─── Input material
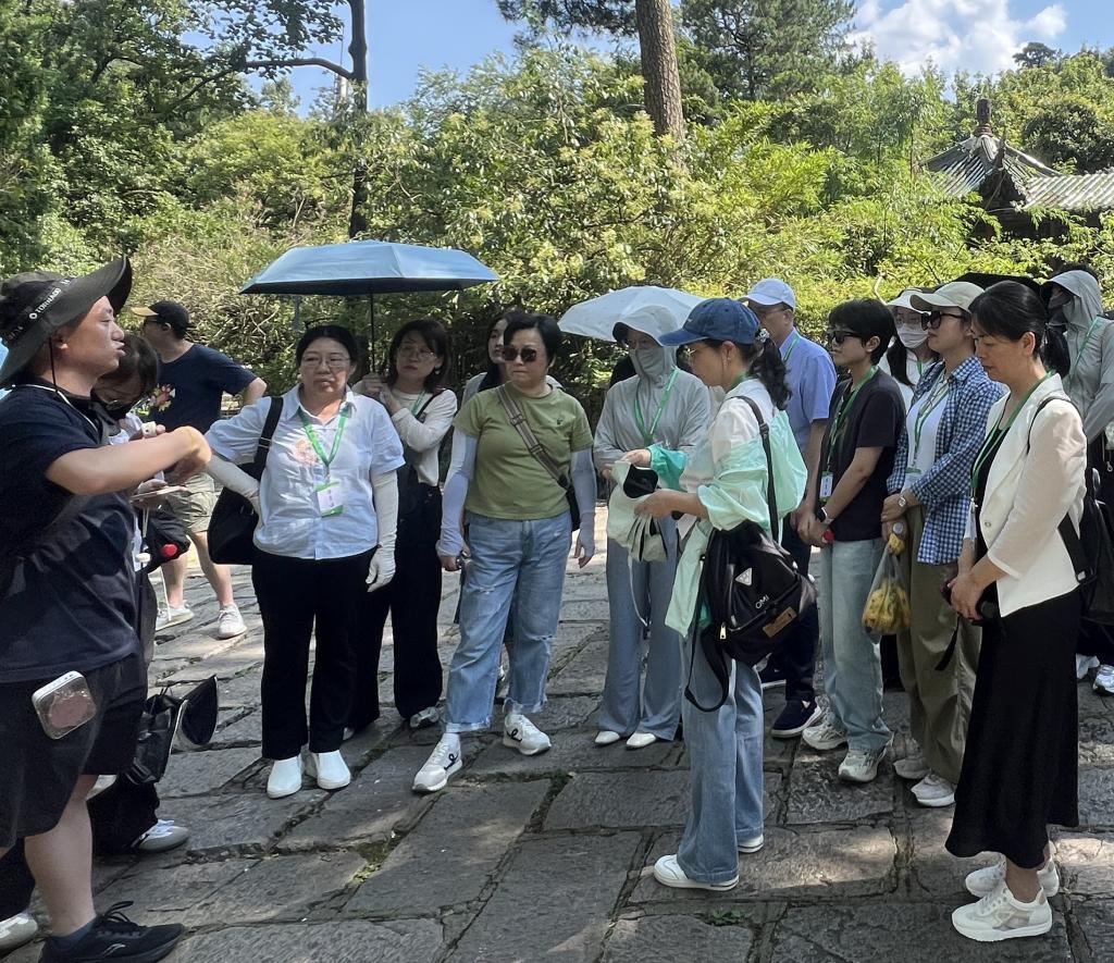 研修团队在贵州师范大学思政课教师张俊龙的带领下,首站前往贵阳黔灵山参观蒋介石关押张学良、杨虎城的麒麟洞和解放贵州革命烈士纪念碑,重温中国抗战革命史,接受革命传统教育,继承和发扬革命先烈大无畏的牺牲精神。
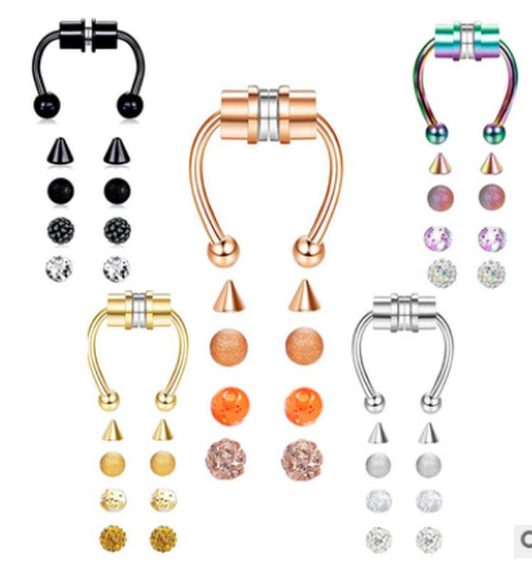 Изогнутая серьга в нос (ухо) из медицинской стали, магнитный зажим для пирсинга с магнитом пять насадок Пирсинг из нержавеющей стали, магнитное накладное кольцо для носа, кольцо в форме подковы, титановая сталь, искусственное кольцо для носа, неперфорированное кольцо для носа, украшение для носа Цена за 1 шт Никакого вреда для человеческого тела Цвет металла: серебристый, черный, радужный, золотой Основной материал: нержавеющая сталь
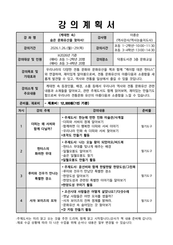 | 강좌명 | [예비초3~4] 케데헌 속 숨은 문화유산을 찾아서! |
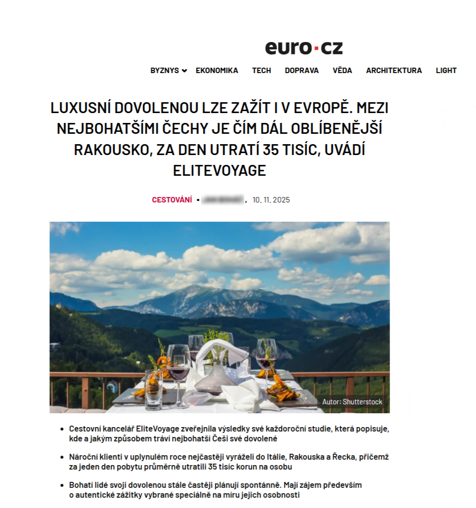 Od poloviny roku 2023 byla EliteVoyage zmiňována v minimálně 25 velkých výstupech ročně, za poslední půl rok spolupráce to bylo 20 výstupů s výrazně pozitivním či neutrálním sentimentem.
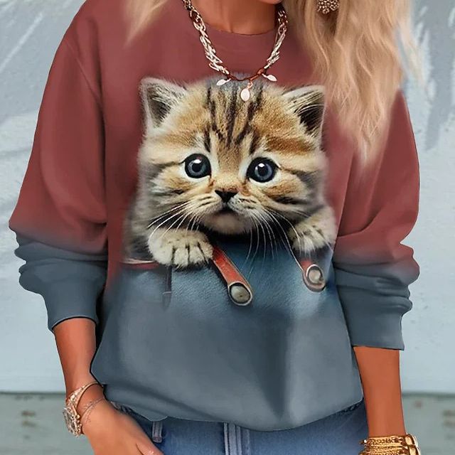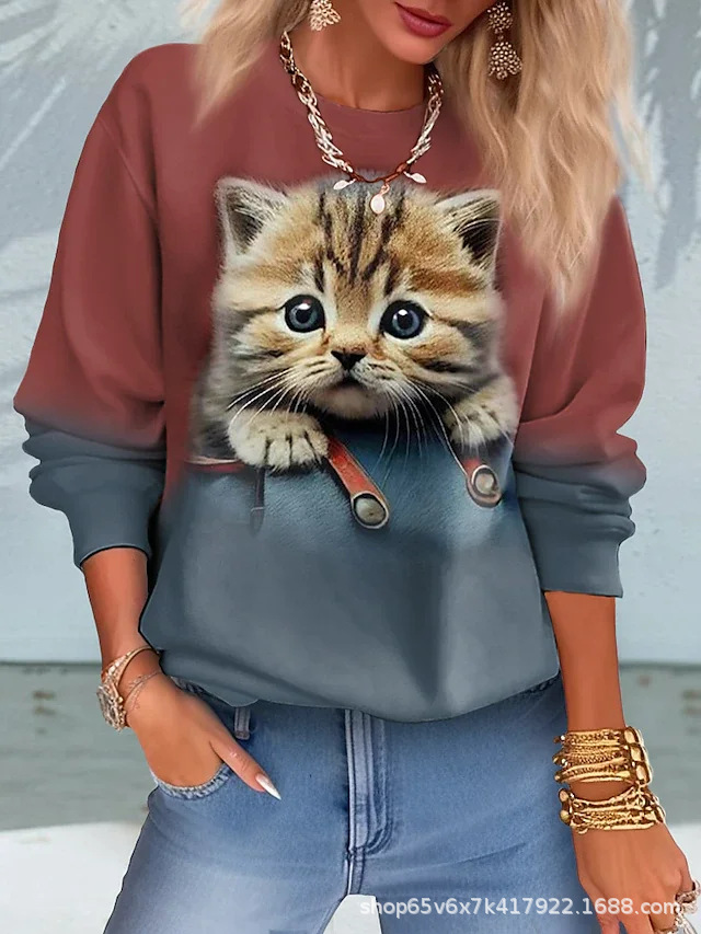 2023 새로운 국경 대외 무역 유럽과 미국 여성 의류 재고 디지털 인쇄 고양이 둥근 목 긴 소매 여성용 스웨터 도매스토어 가기
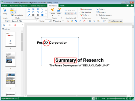 Si la zone où vous cliquez est une zone d'édition de texte, l'annotation est sélectionnée et vous permet de saisir du texte.
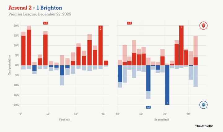 阿尔特塔断言阿森纳本该终结比赛悬念,这是正确的。他的球队射门数以24比8遥遥领先,这反映在下方的进球概率图中,该图使用了包括预期进球值在内的多种指标。
──────
* How to complete this task
Above are the records; repeat their lines from the first through the line containing "2023 새로운 국경", and leave out each picture.

* Completed exercise
 研修团队在贵州师范大学思政课教师张俊龙的带领下,首站前往贵阳黔灵山参观蒋介石关押张学良、杨虎城的麒麟洞和解放贵州革命烈士纪念碑,重温中国抗战革命史,接受革命传统教育,继承和发扬革命先烈大无畏的牺牲精神。
 Изогнутая серьга в нос (ухо) из медицинской стали, магнитный зажим для пирсинга с магнитом пять насадок Пирсинг из нержавеющей стали, магнитное накладное кольцо для носа, кольцо в форме подковы, титановая сталь, искусственное кольцо для носа, неперфорированное кольцо для носа, украшение для носа Цена за 1 шт Никакого вреда для человеческого тела Цвет металла: серебристый, черный, радужный, золотой Основной материал: нержавеющая сталь
 | 강좌명 | [예비초3~4] 케데헌 속 숨은 문화유산을 찾아서! |
 Od poloviny roku 2023 byla EliteVoyage zmiňována v minimálně 25 velkých výstupech ročně, za poslední půl rok spolupráce to bylo 20 výstupů s výrazně pozitivním či neutrálním sentimentem.
 2023 새로운 국경 대외 무역 유럽과 미국 여성 의류 재고 디지털 인쇄 고양이 둥근 목 긴 소매 여성용 스웨터 도매스토어 가기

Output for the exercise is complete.